UK banks have pulled billions of pounds of funding from the euro zone as fears grow about the impact of a “Lehman-style” event connected to a Greek default.
Senior sources have revealed that leading banks, including Barclays and Standard Chartered, have radically reduced the amount of unsecured lending they are prepared to make available to euro zone banks, raising the prospect of a new credit crunch for the European banking system.
Standard Chartered is understood to have withdrawn tens of billions of pounds from the euro zone inter-bank lending market in recent months and cut its overall exposure by two-thirds in the past few weeks as it has become increasingly worried about the finances of other European banks.

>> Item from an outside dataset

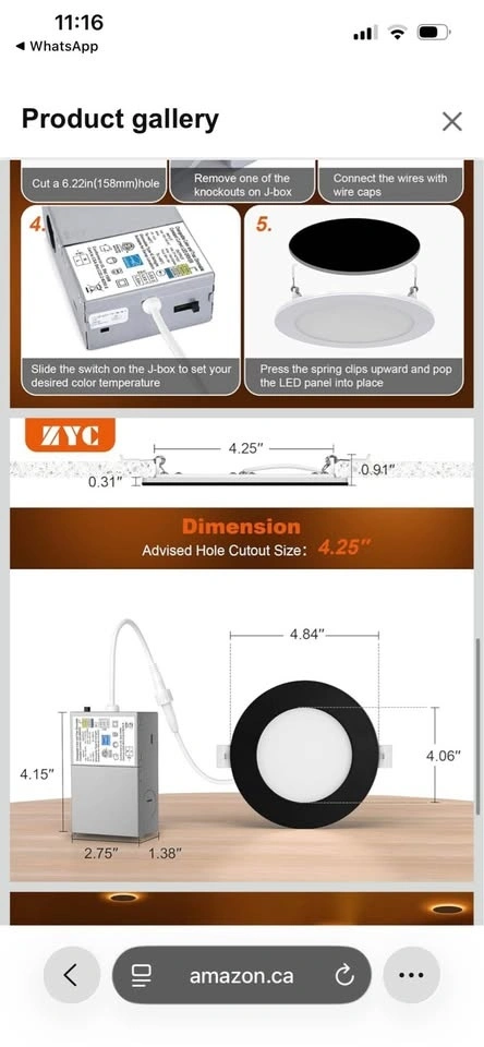 ZYC Recessed Lighting 4 Inch - 9W 800LM LED Ceiling Light with Night Light. Features 5CCT selectable colors (2700K/3000K/3500K/4000K/5000K). Ultra-thin, canless design. Pack of 6, white.

Barclays has also cut its exposure in recent months as senior managers have become increasingly concerned about developments among banks with large exposures to the troubled European countries Greece, Ireland, Spain, Italy and Portugal.
... One source said it was “inevitable” that British banks would look to minimise their potential losses in the event the euro zone crisis were to get worse. “Everyone wants to ensure that they are not badly affected by the crisis,” said one bank executive.
Moves by stronger banks to cut back their lending to weaker banks is reminiscent of the build-up to the financial crisis in 2008, when the refusal of banks to lend to one another led to a seizing-up of the markets that eventually led to the collapse of several major banks and taxpayer bail-outs of many more.
Make no mistake - modern day bank runs are now caused by institutions!
And back to the Eurocalypse discussion:
We would make some stress scenarios. suppose deposits for example drop by 30% and look if there is a problem for short term funding,
basically they this would amount to -180bn, they need to be able to sell 180bn assets. There are 180bn of short term assets (less than 1 month)
they can sell, plus they probably can some of their trading book.
And this appears to be a weakness of modeling real life events. You see, by modeling just the effects of a 30% drop in deposits, you are ignoring the real world effect of counterparties pulling liquidity in tandem in an effort to minimize exposure -as detailed in the excerpt above. You are also negating the fact that much of the so called "trading book" is being carried on the books at prices that are significantly above what can be fetche in the market, which I illustriously detailed in the blog post Is Another Banking Crisis Inevitable? and whose empirical evidence was laid bare in the accompanying subscription document
The Inevitability of Another Bank Crisis. I also went over this in detail at the large European bank, ING, as the keynote speaker at their CRE valuation conference in Amsterdam...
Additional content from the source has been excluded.